### EXERCISE GOAL
Write out the listing below in full and exactly, leaving out every picture.

### SOURCE MATERIAL
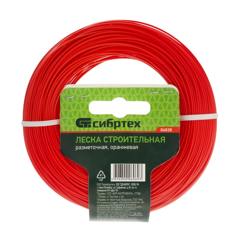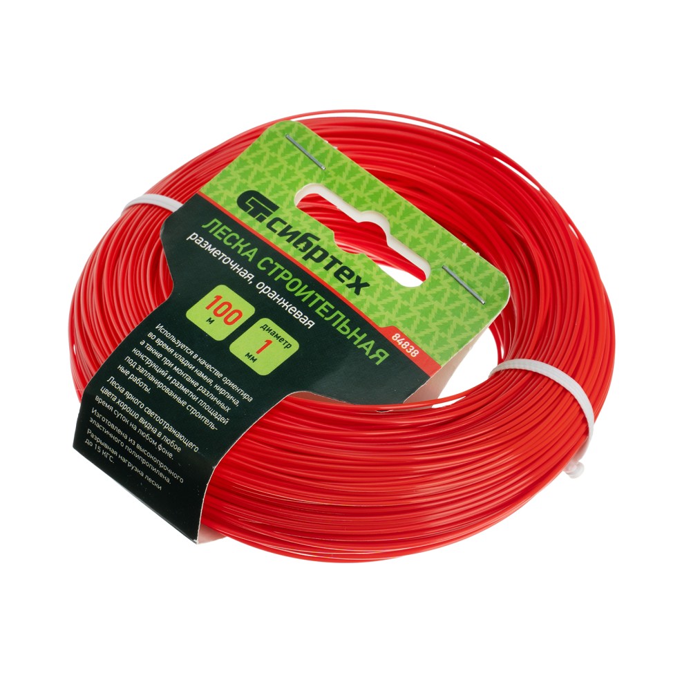 Леска строительная Сибртех 84838, длина 100 м, диаметр 1 мм, оранжевого цвета, пригодится на строительной площадке как ориентир при укладке материалов, установке конструкций. Также она будет полезна для садоводов для разметки территории. Если леску натянуть, то получается идеально ровная линия, что повышает точность работы, а также позволяет проводить замеры с ее помощью.ПреимуществаЛеска выполнена из высокопрочного и эластичного полипропилена, поэтому не растягивается, не загрязняется, а также выдерживает разрывные нагрузки до 15 КГС.Оранжевая светоотражающая леска хорошо видна даже в темное время суток.100 м лески хватит на большой объем работ.
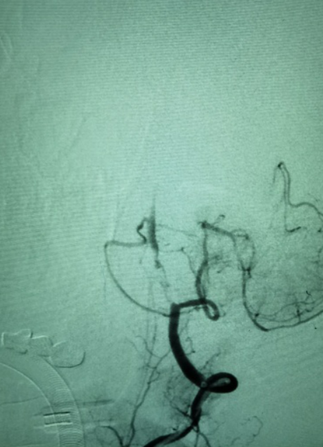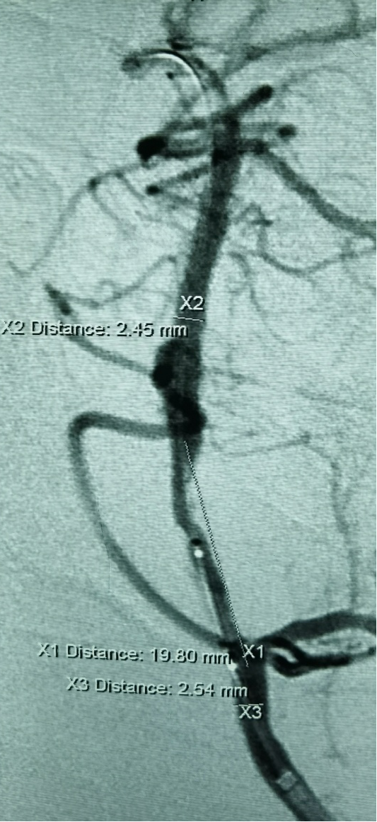 扩张后造影,提示恢复正向血流,残余狭窄50%左右。
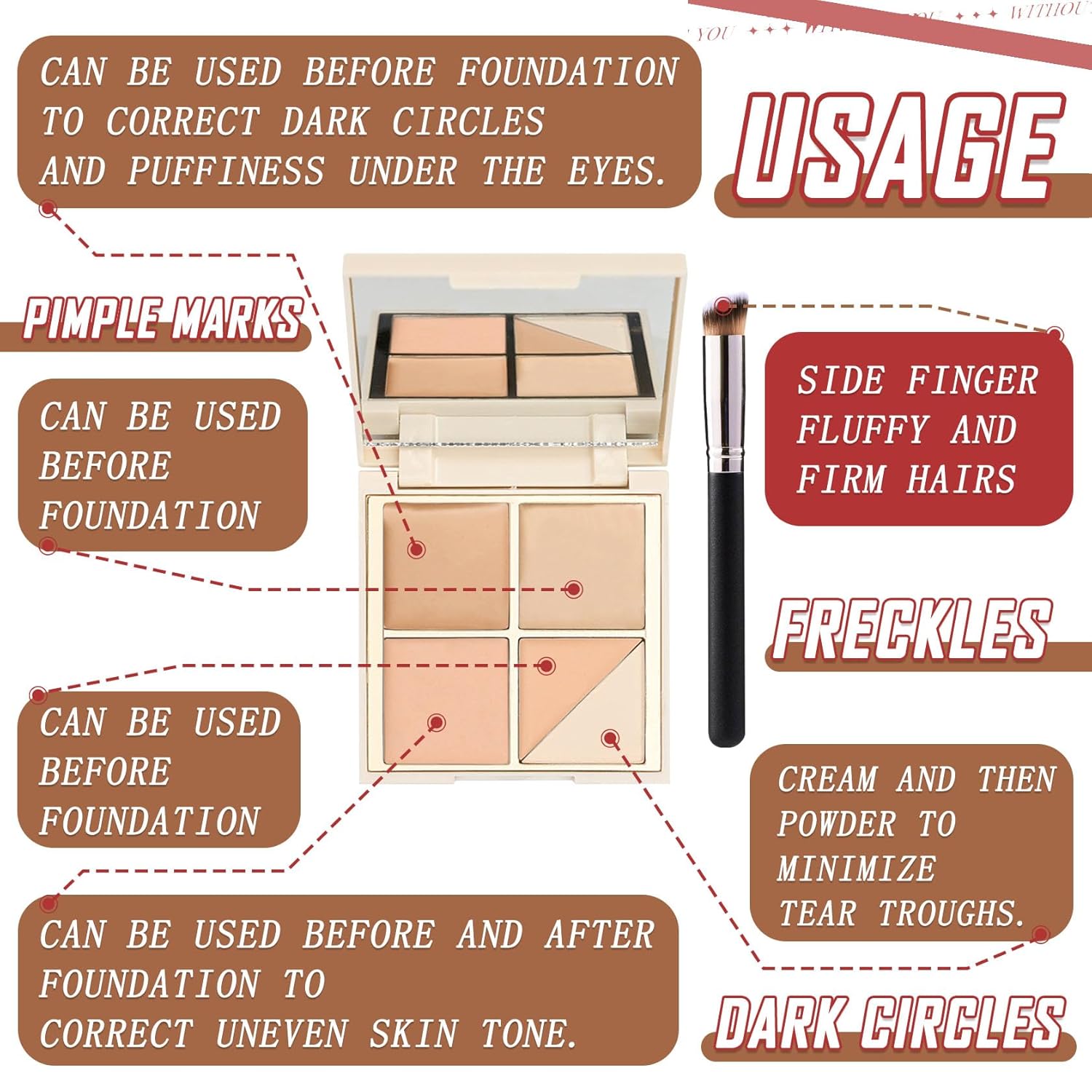 - 🎁【Easy Use】The Makeup palette comes with a professional concealer brush that allows you to apply your makeup with ease, dabbing on the concealer to create a sophisticated and perfect look.

### EXPECTED ANSWER
 Леска строительная Сибртех 84838, длина 100 м, диаметр 1 мм, оранжевого цвета, пригодится на строительной площадке как ориентир при укладке материалов, установке конструкций. Также она будет полезна для садоводов для разметки территории. Если леску натянуть, то получается идеально ровная линия, что повышает точность работы, а также позволяет проводить замеры с ее помощью.ПреимуществаЛеска выполнена из высокопрочного и эластичного полипропилена, поэтому не растягивается, не загрязняется, а также выдерживает разрывные нагрузки до 15 КГС.Оранжевая светоотражающая леска хорошо видна даже в темное время суток.100 м лески хватит на большой объем работ.
 扩张后造影,提示恢复正向血流,残余狭窄50%左右。
 - 🎁【Easy Use】The Makeup palette comes with a professional concealer brush that allows you to apply your makeup with ease, dabbing on the concealer to create a sophisticated and perfect look.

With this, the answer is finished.